Bringing hyperscale operations to the masses with Datera

Datera LogoDatera was founded in 2013 with a clear mission: bringing hyperscale operations and economics to the private clouds. The big corporations such as Facebook and Google don’t manage individual pieces of hardware. Instead they use policies and “the system” will decide where to spin up an app or place some data. This means an admin can manage a lot more servers or storage. So why is this level of automation only used by the big corporations? Datera aims to change that!

Datera officially launched in April 2016 from Sunnyvale in Silicon Valley, with 50+ employees. A month later we received a briefing at Storage Field Day 10. At that point they had 4 announced customers, with roughly 10 customers not announced yet.

With hyperscale economics and operations, you basically want to manage more equipment (in this case storage) with less people/FTE. You can optimize processes, standardize operations etc, but what it really boils down to is automation. Datera calls this Application Intent: the admin decides which storage characteristics and application needs, and the Datera Elastic Data Fabric will automatically select the correct type of storage.

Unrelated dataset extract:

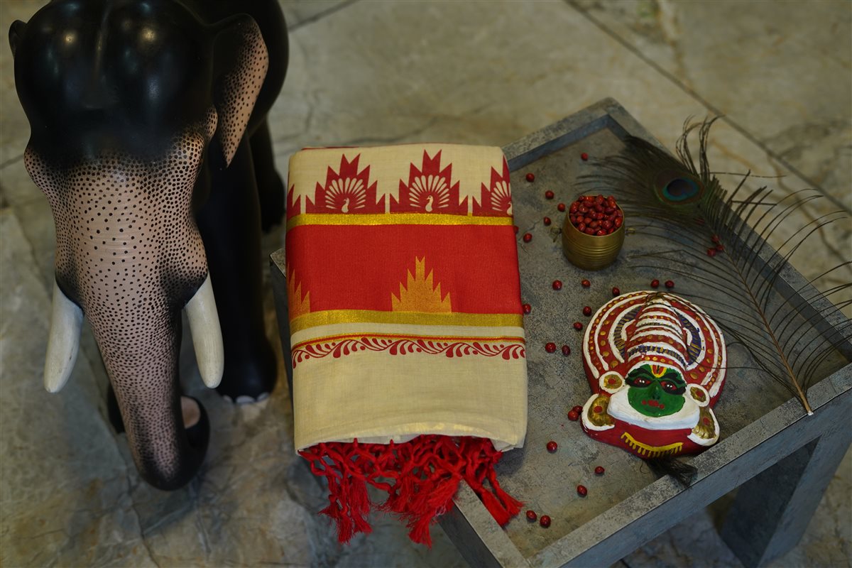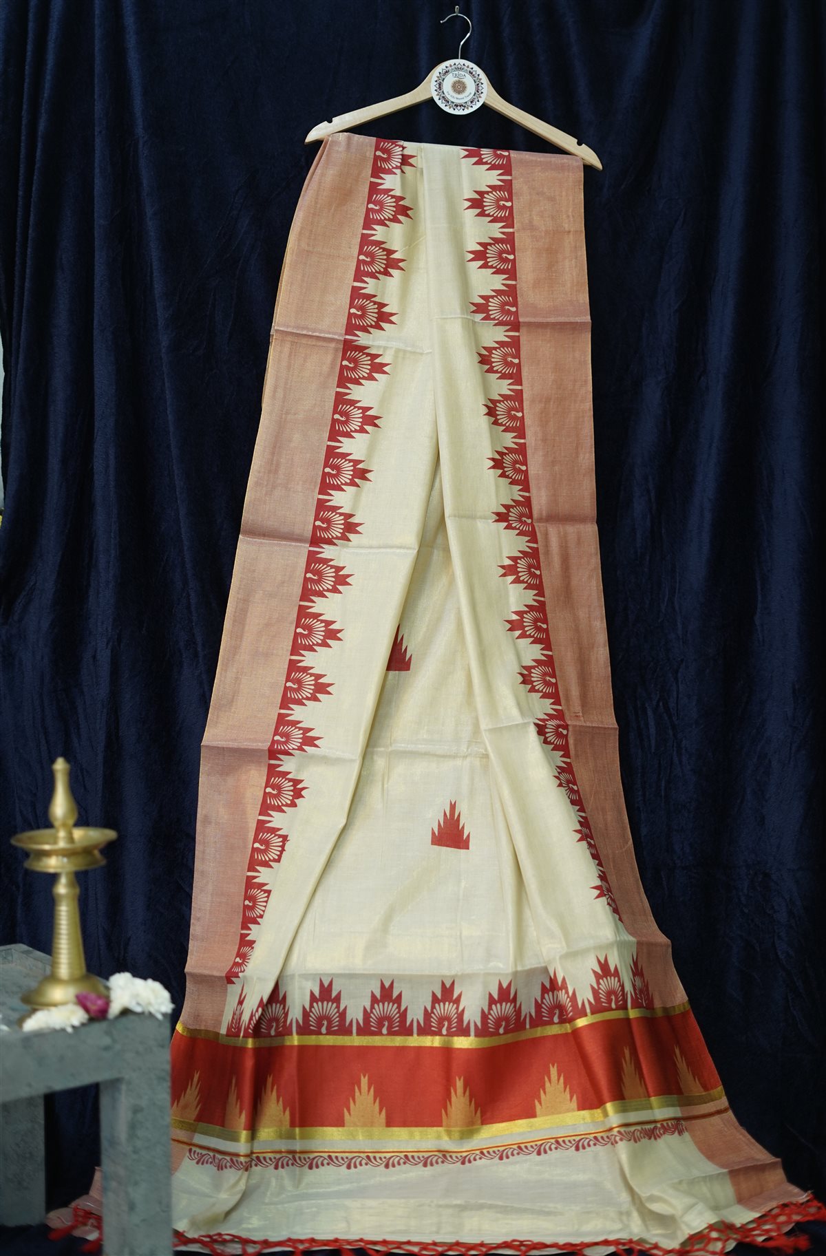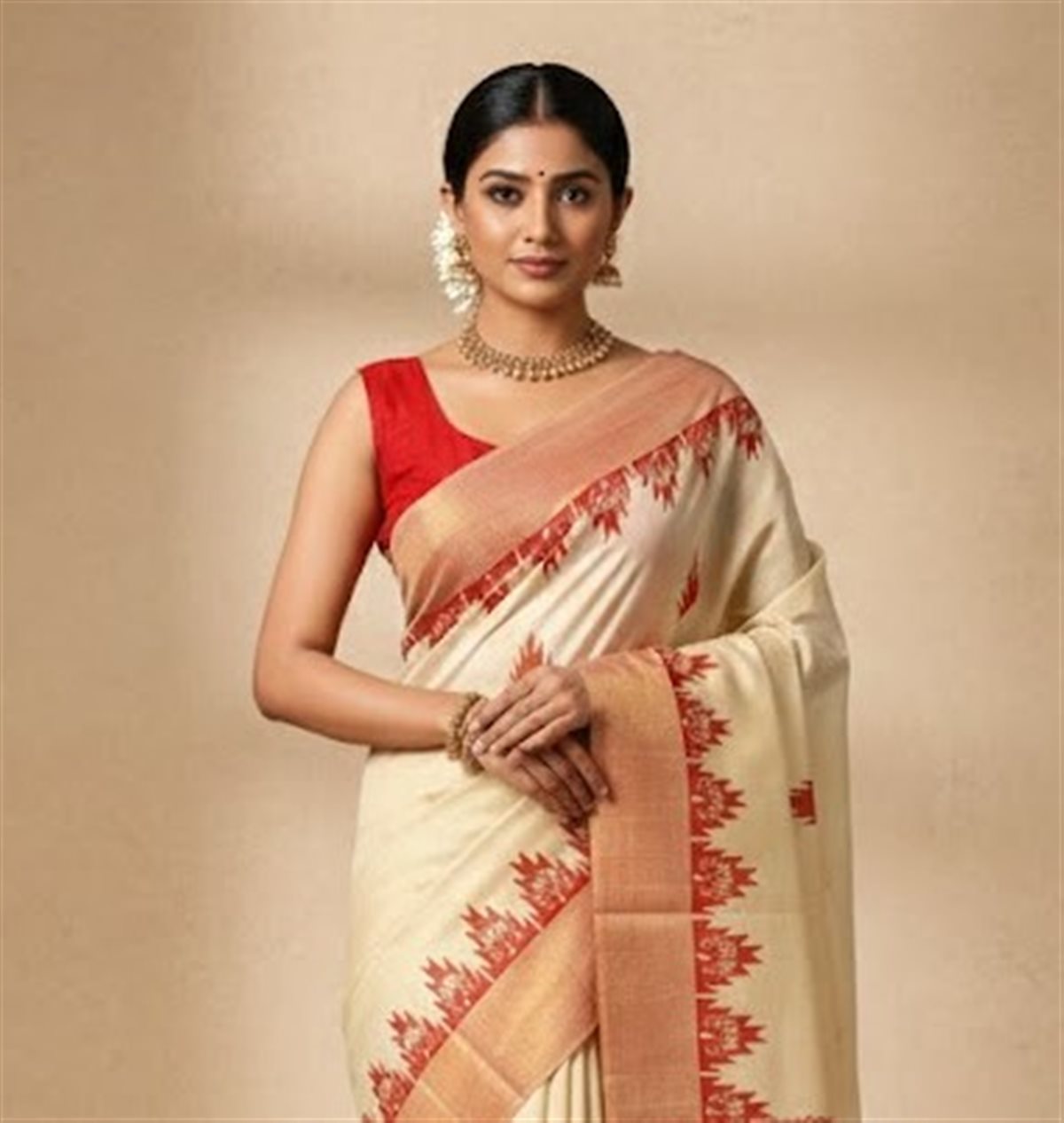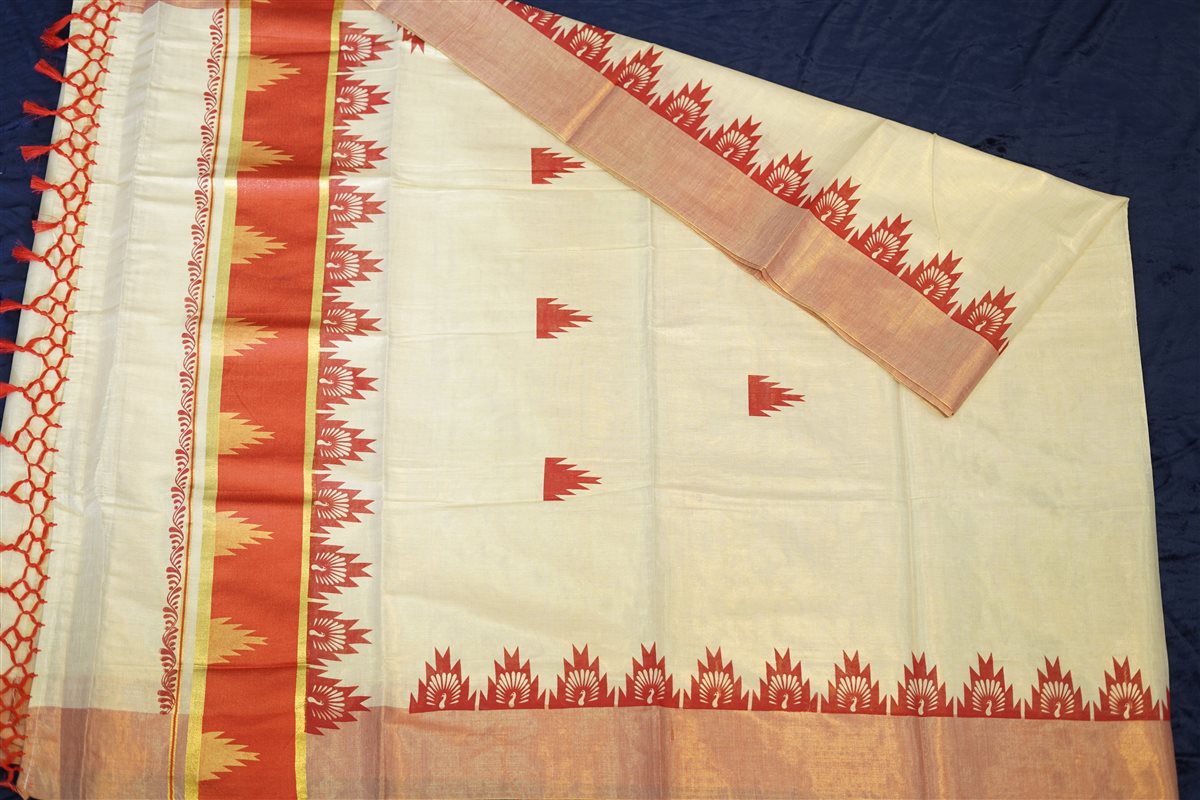 Celebrate heritage elegance with this beautiful cream cotton saree highlighted by rich rust-red and gold accents. The saree features striking geometric and temple-style motifs along the border and pallu, inspired by traditional Indian handloom artistry

Architecture of the Datera Elastic Data Fabric

This Datera Elastic Data Fabric is made up of software-defined storage nodes. You can mix all-flash, hybrid and HDD nodes in the same fabric. The licenses are capacity based and can be licensed in 50TB or 100TB steps. The deployment is fully featured: snapshots, clones, thin provisioning, replication (1:5 within the cluster) are all included. The front-end protocol is iSCSI; the rest of the protocols haven’t been requested by customers yet.

Datera GUI

Instead of a software-only deployment you can also order a software + hardware combination; currently you’ll get a SuperMicro server, but Datera is working adding additional vendors to the mix.

Backend connectivity between the scale-out nodes is currently 40Gbit/s, with front-end connectivity towards the clients at 10Gbit/s. The SDS approach means its pretty easy to incorporate new technologies like 3D-Xpoint or other flash technologies in the Datera Elastic Data Fabric.

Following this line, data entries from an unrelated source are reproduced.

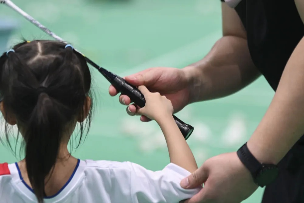 熊俊豪(右)手把手教黄馨媛握拍动作。
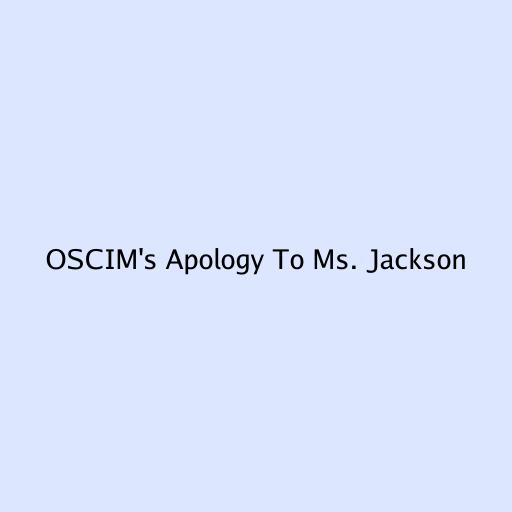 OSCIM’s Apology to Ms. Jackson
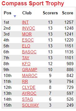The rules are too complicated to summarise here so all you need to know is that Gramp falls into the category of small club, as do all the other Scottish clubs bar FVO, so the top 13 scorers across a broad spread of courses by age class count towards the total score. In other words you need a lot of folk in it, running in as many different classes as possible, to win it.
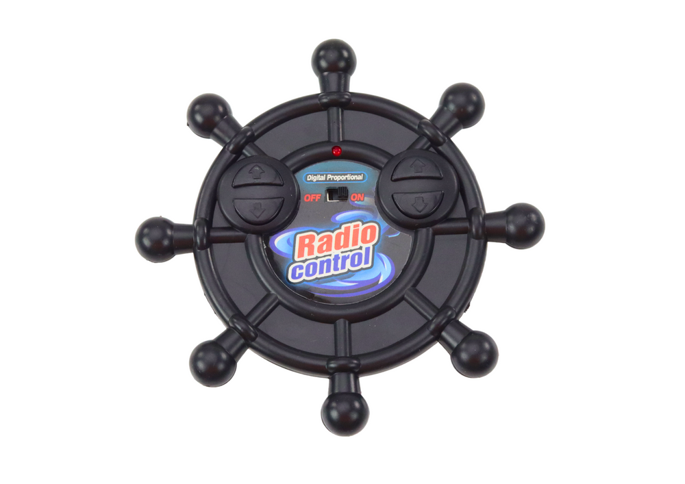Sterowanie odbywa się za pomocą zaawansowanego pilota radiowego o częstotliwości 27 MHz, który zapewnia stabilne połączenie i precyzyjne sterowanie. Dzięki temu dziecko może płynnie manewrować łodzią po wodzie, reagując na każde polecenie z pilota z minimalną opóźnieniem.
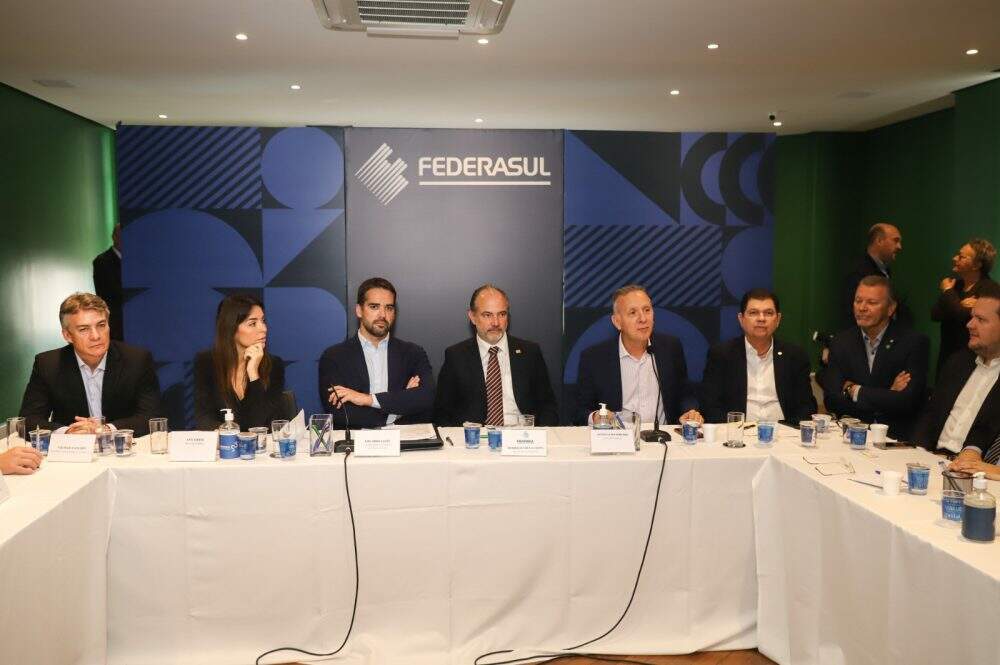O relator da Proposta de Emenda à Constituição (PEC) da Reforma Tributária no Congresso Nacional, o deputado federal Aguinaldo Ribeiro, participou de um encontro com o governador Eduardo Leite, demais deputados e lideranças empresariais na Federasul, em Porto Alegre.
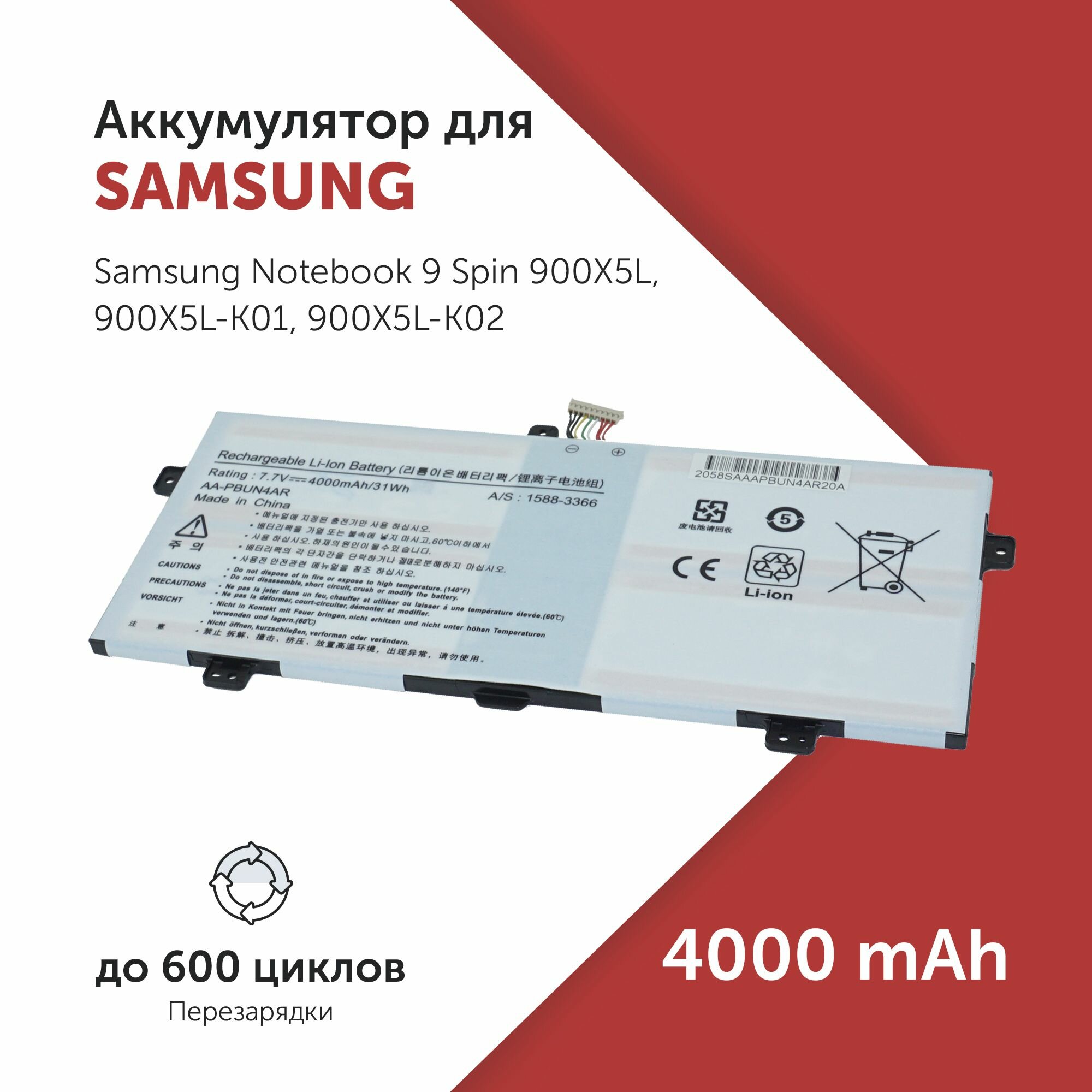 Аккумулятор AA-PBUN4AR для ноутбука Samsung Notebook 9 Spin 900X5L информация:

The Datera control plane is distributed across all storage nodes: there’s no dedicated control/management node. During deployment you configure one node with all the required settings (such as connect home details, IP addresses etc). All subsequent nodes perform a broadcast and will retrieve their configurations from the main node.

Every node reports back to the cluster what it’s characteristics are. The metadata is continuously analyzed by the Optimizer in the control plane to determine if data is still stored on the optimal node.

Intent provisioning

The policy engine in the Datera Elastic Data Fabric is responsible for provisioning the volumes based on the application intent. This intent consists of application policies or templates, which contain:

  • Management policies: QoS (Gold/Silver/Bronze), data retention, data protection and data placement.
  • Storage templates: number of volumes and their respective size: maybe you always want your VMware VMFS volumes to be 2TB-512 bytes (oldskool!).
  • Pools of storage: useful for multi tenancy environments where you want some sort of isolation (e.g. don’t place the Pepsi data on the same nodes as the Coca Cola data).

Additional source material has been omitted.